The container world is developing very fast. Now container technology is making its way into the enterprise data environment and it can be deployed onto both production and support infrastructure. Thus it might be the architecture for the next generation services and micro-services.
Among all the container technologies, Docker is quite dominate in this world. And a bunch of docker based container orchestration tools are very popular for the container users.
With container orchestration tools, the user can easily manage their containerized applications. However, they cannot easily find out the problems that could exist in their orchestration environment. This is why we need monitoring tools to help us save our time to make sure everything is OK.
Foglight for Container Monitoring can help the user to monitor various container orchestration environments. In the technique preview version, we will first support monitoring Kubernetes, which is quite dominate in the docker based container orchestration world.
Before using Foglight for Container Monitoring to monitor your kubernetes environment, you need to know what kind of kubernetes cluster you can monitor? how does kubernetes agent work? what you need to do before starting to monitor your kubernetes cluster?
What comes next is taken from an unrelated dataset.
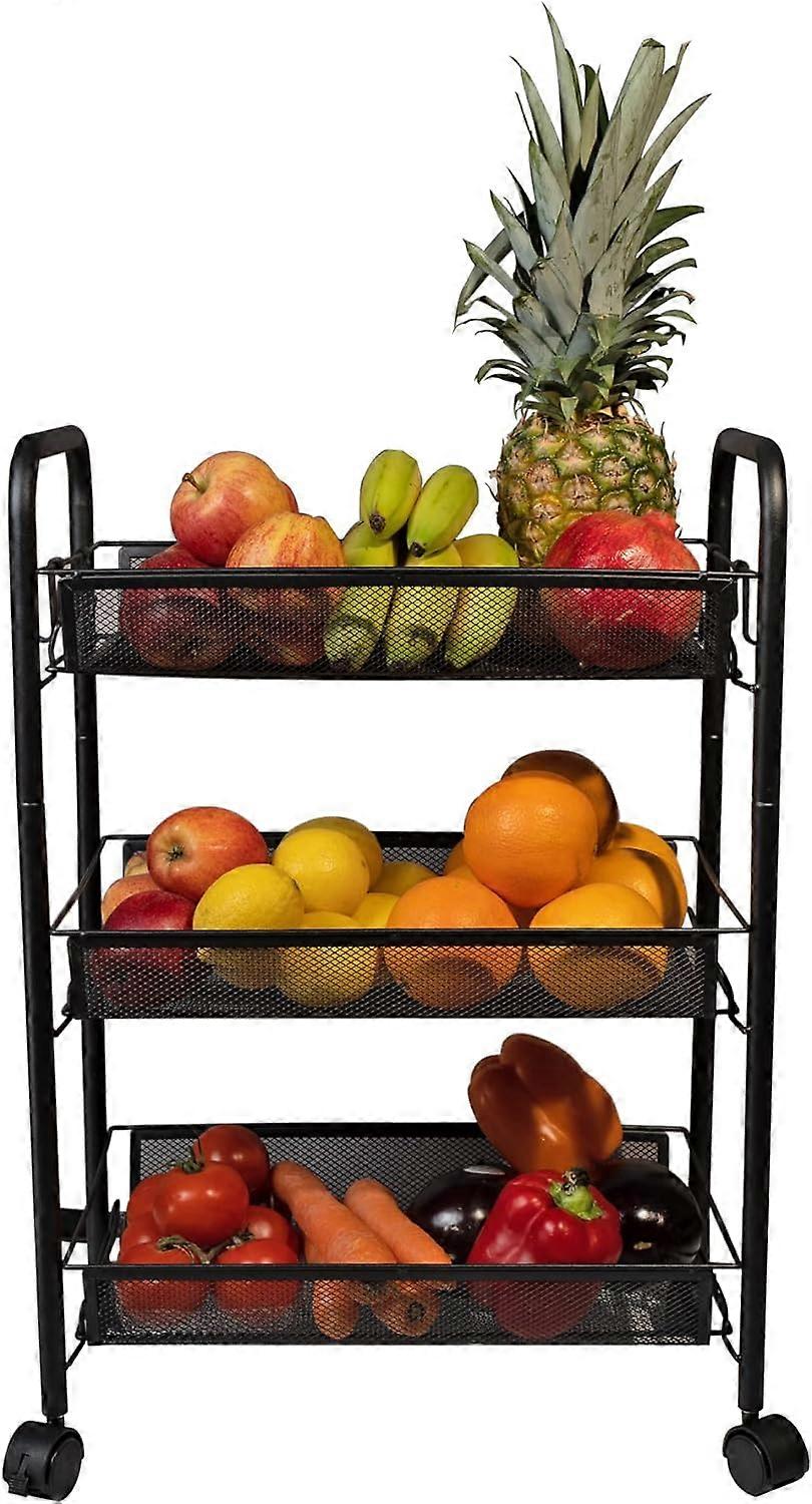 Rolling Cart, 3-Tier Metal Storage Cart, Kitchen Storage Trolley with 2 Brakes, Utility Cart with Handles, Easy Assembly, for Bathroom, Kitchen, Offic
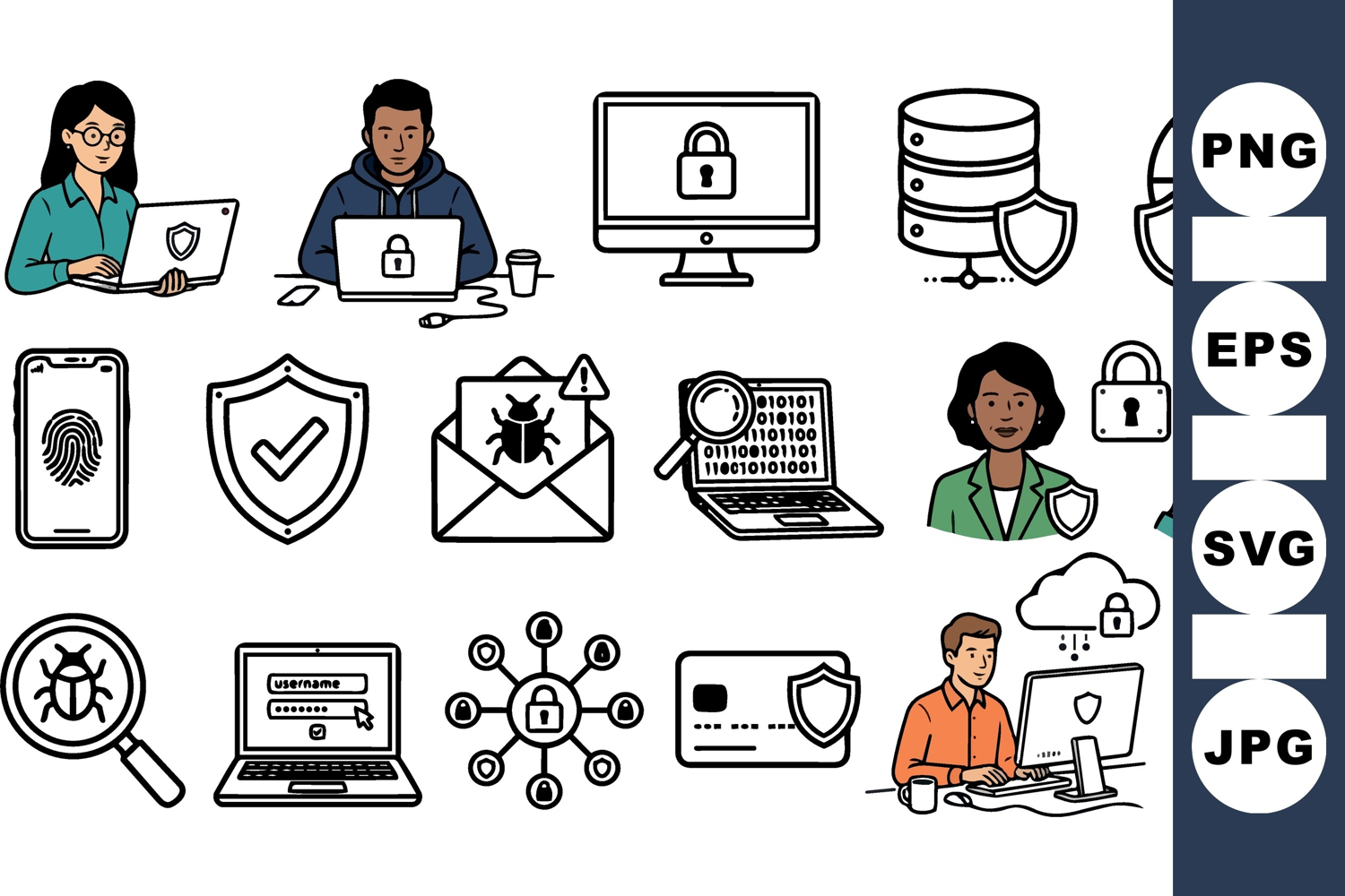 Cybersecurity Icon Vector Set for Digital Protection

We've investigated the local build kubernetes clusters as well as kubernetes cluster created by cloud provided kubernetes services.
The following platforms are tested and supported:
The Kubernetes Agent uses kubeconfig (a standard kubernetes configuration file used by the client to access to the kubernetes cluster) as the credential to access the Kubernetes API server. So you need to provide a kubeconfig for the Kubernetes Agent to monitor your environment.
Besides, Kubernetes Agent depends on the heapster (a kubernetes service which merging the collected metrics and provide the metrics API). Thus you need to deploy the heapster service onto your Kubernetes cluster also.
For local build kubernetes (local kubernetes, openshift origin), you can use the admin kubeconfig directly (might be located at /etc/kubernetes/admin.kubeconfig for kubernetes and /etc/origin/master/admin.kubeconfig for openshift origin) as the credential for Kubernetes Agent and skip all the following steps in Section 3.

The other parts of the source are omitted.